▸ **What is being asked**: From the line containing "शिक्षकों पर कार्रवाई" down to the last line of the material, output each line exactly as it appears, excluding pictures.

━━━━━━━━━━━━━━━━━━━━━━━━━━━━━━

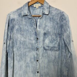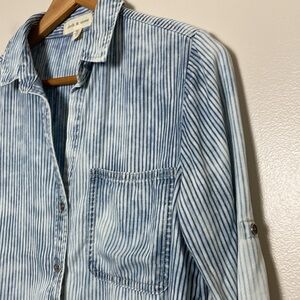 Anthropologie Cloth & Stone L Piper Denim Chambray Striped Button Down Size S
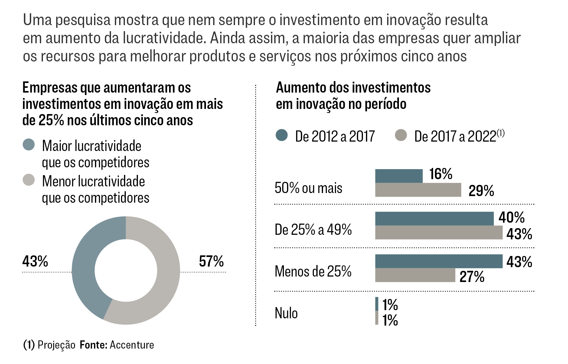 Empresas de todo o mundo injetaram 3,2 trilhões de dólares em inovação e pesquisa nos últimos cinco anos, mas o retorno sobre os investimentos caiu 27% no período. Um estudo da consultoria americana Accenture aponta que 57% das companhias que aumentaram em 25% os aportes em inovação tiveram desempenho pior do que o de seus pares.
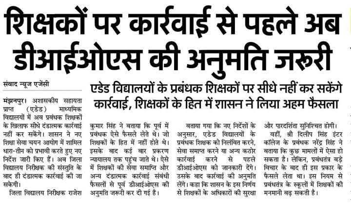 शिक्षकों पर कार्रवाई से पहले DIOS की परमिशन जरूरी
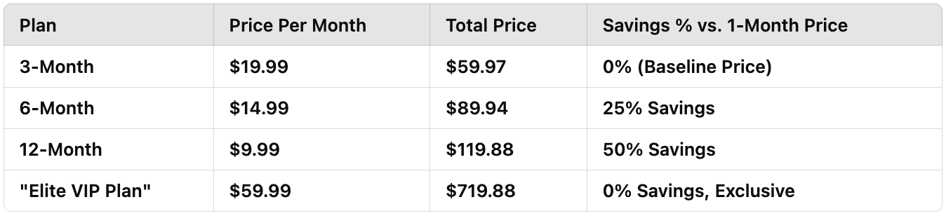 ➡️ The VIP Plan acts as the extreme anchor. It is so outrageously high, most customers will instantly disregard it—but in doing so, they will naturally gravitate toward the 12-month plan, which now seems incredibly affordable and the best value.
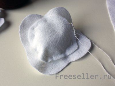 6. Приготовьте "крем". Для этого пришёйте несколько "облачков" друг к другу, от самых больших до самых маленьких.
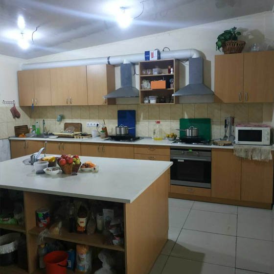 Кухня (холодильник, чайник, посуда). Санузел, душ.
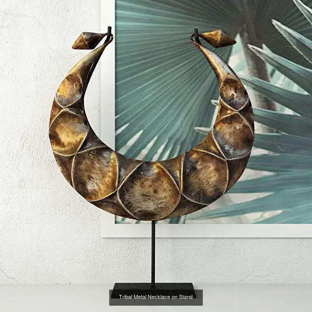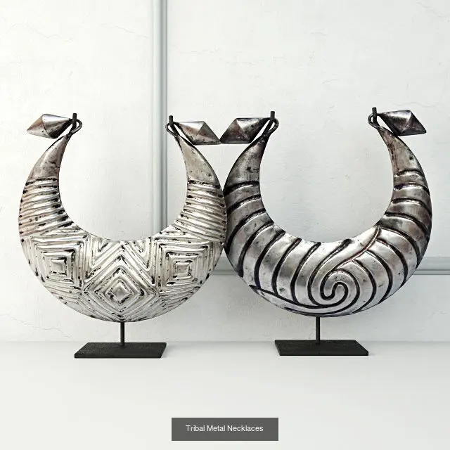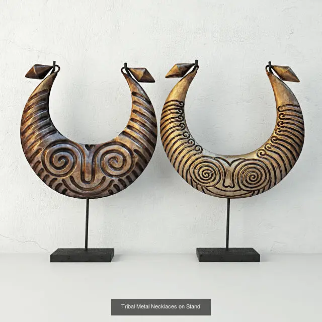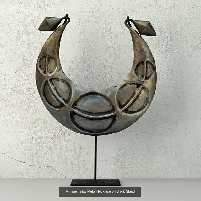 Collection of Vintage Tribal Metal Necklaces on Stand.Archive include: max, fbx, textures.
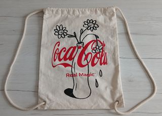 Borsa in tessuto con coulisse, perfetta per portare con te tutto il necessario. - Fantasia a tema Coca-Cola con disegno di fiori e bottiglia. - Colore di base beige con logo rosso Coca-Cola. - Coulisse per chiusura e tracolle. Borsa sacco in tessuto cocacola Con disegno floreale e scritta real magic

━━━━━━━━━━━━━━━━━━━━━━━━━━━━━━

▸ **Response to this exercise**:
 शिक्षकों पर कार्रवाई से पहले DIOS की परमिशन जरूरी
 ➡️ The VIP Plan acts as the extreme anchor. It is so outrageously high, most customers will instantly disregard it—but in doing so, they will naturally gravitate toward the 12-month plan, which now seems incredibly affordable and the best value.
 6. Приготовьте "крем". Для этого пришёйте несколько "облачков" друг к другу, от самых больших до самых маленьких.
 Кухня (холодильник, чайник, посуда). Санузел, душ.
 Collection of Vintage Tribal Metal Necklaces on Stand.Archive include: max, fbx, textures.
 Borsa in tessuto con coulisse, perfetta per portare con te tutto il necessario. - Fantasia a tema Coca-Cola con disegno di fiori e bottiglia. - Colore di base beige con logo rosso Coca-Cola. - Coulisse per chiusura e tracolle. Borsa sacco in tessuto cocacola Con disegno floreale e scritta real magic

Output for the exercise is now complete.